Let’s say you got a player to install your game. Hooray! You’ve got all sorts of hooks in place to keep them playing for weeks and months, but before the player encounters any of those, there’s a much more important retention concept you need to run through: The first time user experience.
The first 15 minutes of your game need to be stellar. During this time, you need to teach the player how to play the game, convince them to come back for a second play session, and make sure they have a fun time. On top of this, you might want to do other things, like ask them to invite other friends on Facebook or associate the account with Facebook or Google Plus. The first play session is the most crucial, and I really can’t emphasize enough how important it is. Criminal Case spent 30% of its development time doing nothing but working on the first time user experience! A team of 25 people spent six months working on an experience that isn’t even an hour long! It might sound ridiculous, but Criminal Case managed to keep 9 million daily average users after just six months!
You can have the greatest game in the entire world, but unless you make a fantastic first impression, that’s going to be of limited benefit. That first time user experience is crucial. Every second of that first experience needs to be carefully designed and tested over and over. You can’t get someone to play for months without getting them to play for hours.

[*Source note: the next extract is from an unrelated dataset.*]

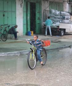 فلسطينيون يسيرون في الشارع خلال يوم ماطر في مدينة دير البلح وسط قطاع غزة

September 12, 2014 at 3:41 pm
While I agree, completely, one thing I’ve noticed about myself is what comes after the first time user experience. Case in point: Guild Wars 2. When it first came out, I loved it so much I played for hours every day for a month. After a month, I was so sick of it I couldn’t play it anymore. I’ve tried to get back into it a few times, but I couldn’t play for more than a few quests before I was bored out of my mind.
But it’s not just MMOs. There’s been linear games that I thought were great fun at first, but the more they went on the more I just wanted to finish and be done with them.

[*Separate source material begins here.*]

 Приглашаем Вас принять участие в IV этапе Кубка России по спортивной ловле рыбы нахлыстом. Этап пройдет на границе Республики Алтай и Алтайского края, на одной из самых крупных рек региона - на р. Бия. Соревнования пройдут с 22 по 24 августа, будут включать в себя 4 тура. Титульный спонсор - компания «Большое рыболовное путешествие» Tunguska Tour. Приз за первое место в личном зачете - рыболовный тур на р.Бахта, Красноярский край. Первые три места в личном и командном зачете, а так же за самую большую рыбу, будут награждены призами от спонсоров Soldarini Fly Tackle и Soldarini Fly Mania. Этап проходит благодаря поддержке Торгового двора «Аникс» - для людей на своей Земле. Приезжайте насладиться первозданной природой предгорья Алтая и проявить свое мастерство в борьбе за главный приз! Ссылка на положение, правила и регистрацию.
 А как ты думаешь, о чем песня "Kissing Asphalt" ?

FF12, for instance, didn’t seem so terrible when I first started playing it. Sure the story was bad, but the combat was okay, or was it? By the end of the game I was skipping all the side missions because I just couldn’t be bothered to do them. I stopped playing completely right before the final dungeon. People have told me that if I got that far I should have just finished it, but…. I didn’t want to. It bored me that much to play it and I couldn’t care less how it ended. I’m glad I saved the 2-3 hours it would have taken me to run through it.

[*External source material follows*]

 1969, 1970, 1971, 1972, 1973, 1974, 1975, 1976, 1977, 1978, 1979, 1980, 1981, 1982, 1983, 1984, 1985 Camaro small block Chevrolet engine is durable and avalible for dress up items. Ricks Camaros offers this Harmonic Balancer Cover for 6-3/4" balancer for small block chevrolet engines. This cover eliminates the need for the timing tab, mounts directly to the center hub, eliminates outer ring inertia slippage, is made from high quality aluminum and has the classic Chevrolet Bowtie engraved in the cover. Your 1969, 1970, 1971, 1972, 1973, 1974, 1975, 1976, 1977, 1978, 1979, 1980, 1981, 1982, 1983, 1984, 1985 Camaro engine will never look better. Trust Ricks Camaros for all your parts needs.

The same thing happened with Wild Arms 3. It was enjoyable until it wasn’t, and there was no fundamental change to Game Play that made it go from a good game to suddenly terrible.
Even FF13 started off with promise, despite an awful story. But my interest dropped rapidly, and by the time I got to chapter 11, where according to fans the game gets fun (it didn’t), I no longer wanted to play.
I think with all three of these games, the game play element was too shallow. It starts off fun, new and unique, but after the first step 30 or 40 battles, every fight plays out the same.
What I’m getting at is, yes the first time experience is important. Just don’t forget you’ve got hours of game play to go after it.
September 12, 2014 at 8:57 pm
Oh yeah, definitely. I remember I had loads of fun with say, Star Wars: Shadows of the Empire, but mainly in that early Hoth mission. The rest didn’t really grab me as much as the opening. But yeah, a strong opening is important, even in traditional boxed games. If only because word of mouth is probably going to be based primarily on the early experiences.
With games like Killer7, you get a bit of the reverse, where the early game is just abysmal and filters out a lot of potentially interested players, but people who actually stick through it all manage to find something really cool in there.
I notice you primarily bring up RPGs, and that’s pretty interesting. I think RPGs in particular are susceptible to falling apart after the initial experience, if only because RPGs tend to be extremely long as far as most games go. There’s just so much more game for players to go through that there are bound to be some boring or frustrating spots. Because RPGs are so focused on story and drama, the early moments also tend to be really strong. I still love Final Fantasy 9’s opening and how it got the whole starting party together.